South Florida Ecosystem Restoration Working Group

Annual Report 1996



[1996 Accomplishments] [1996 Initiatives] [1997 Goals]

a. Ecosystem Problems and Restoration Objectives

Ecosystem problems in Lake Okeechobee result primarily from nutrient runoff from ranching, dairy and agricultural lands and invasion of exotic plants.

Nutrient enrichment has caused major alterations in the ecology of the Lake. For example, increases have occurred in the populations of blue-green algae and pollution-tolerant benthic animals. Alteration of native littoral zone plant communities are linked to exotic plant invasions and/or unnatural lake levels. Melaleuca, for example, now covers thousands of acres of marshland. Proliferation of various exotic species demands on-going remedial actions as well as research to improve control technologies.

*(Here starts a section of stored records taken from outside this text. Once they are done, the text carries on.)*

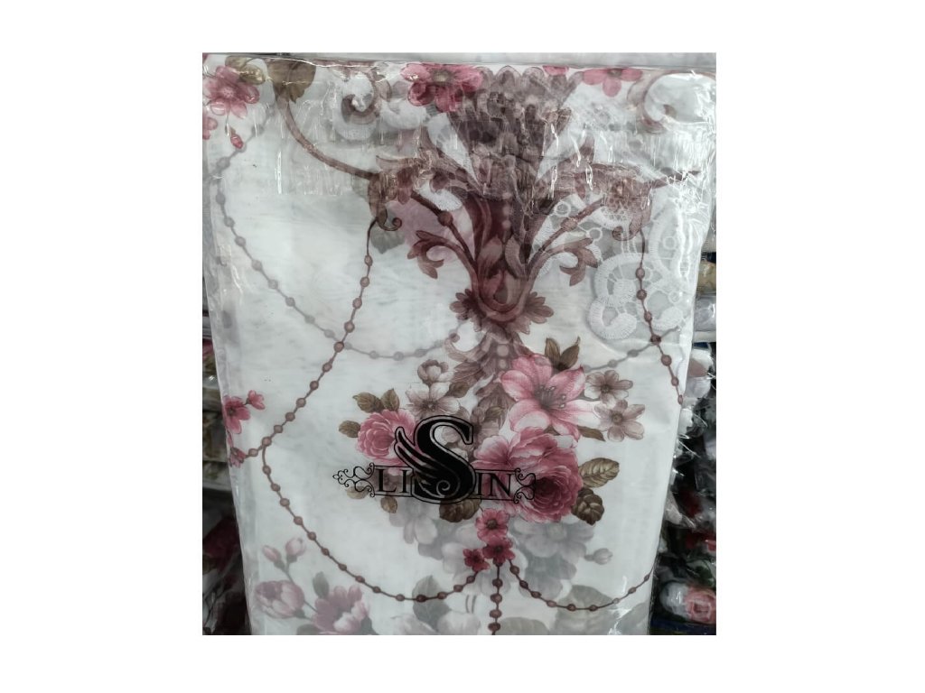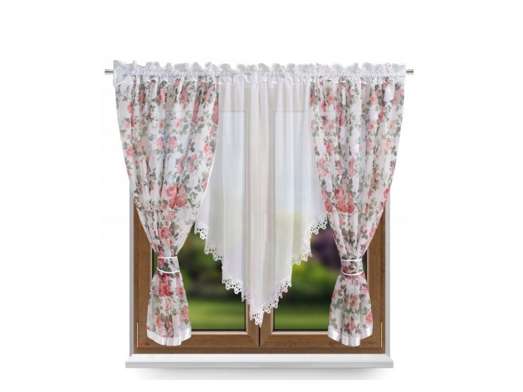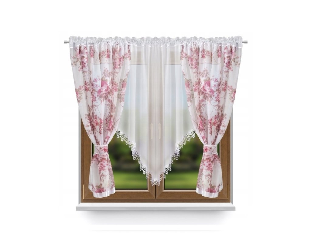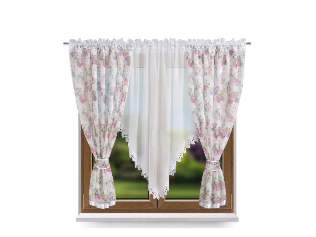 Nádherná hotová kusová záclona s květinamy. Záclona je po okraji ozdobená lesklou lemovkou. Na horním okraji je našitá řasící pásce, pomocí které můžete upravovat šířku záclony a tunýlkem na tyč o průměru 3,5 cm.
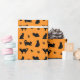 Cute Black Cats Paw Prints Orange Halloween Wrapping Paper
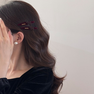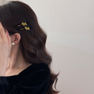 港风文艺复古小狗字母发夹女气质侧边刘海一字夹子发卡百搭鸭嘴夹
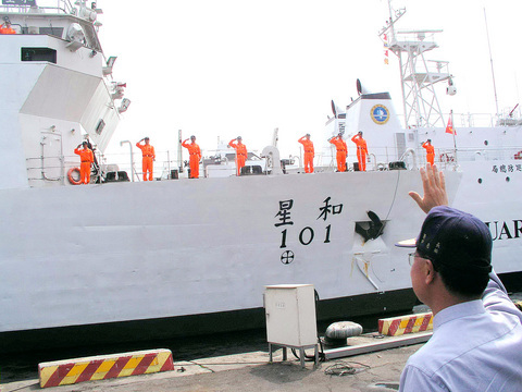 Two coast guard ships, the 1,800-tonne Ho Hsing and the 800-tonne Mou Hsing, departed Keelung for the island chains on Thursday.

Special attention is focused upon reducing excessive nutrient loading from the agricultural areas north of the Lake. Since the 1 970s, agricultural activities, including dairying and beef cattle ranching, have been recognized as sources of excessive phosphorus loading to the Lake and the probable cause of accelerated eutrophication. There have been major efforts to reduce phosphorus loads from agriculture, and significant progress has been made, particularly in reducing runoff from most dairy operations. However, much work remains to be done.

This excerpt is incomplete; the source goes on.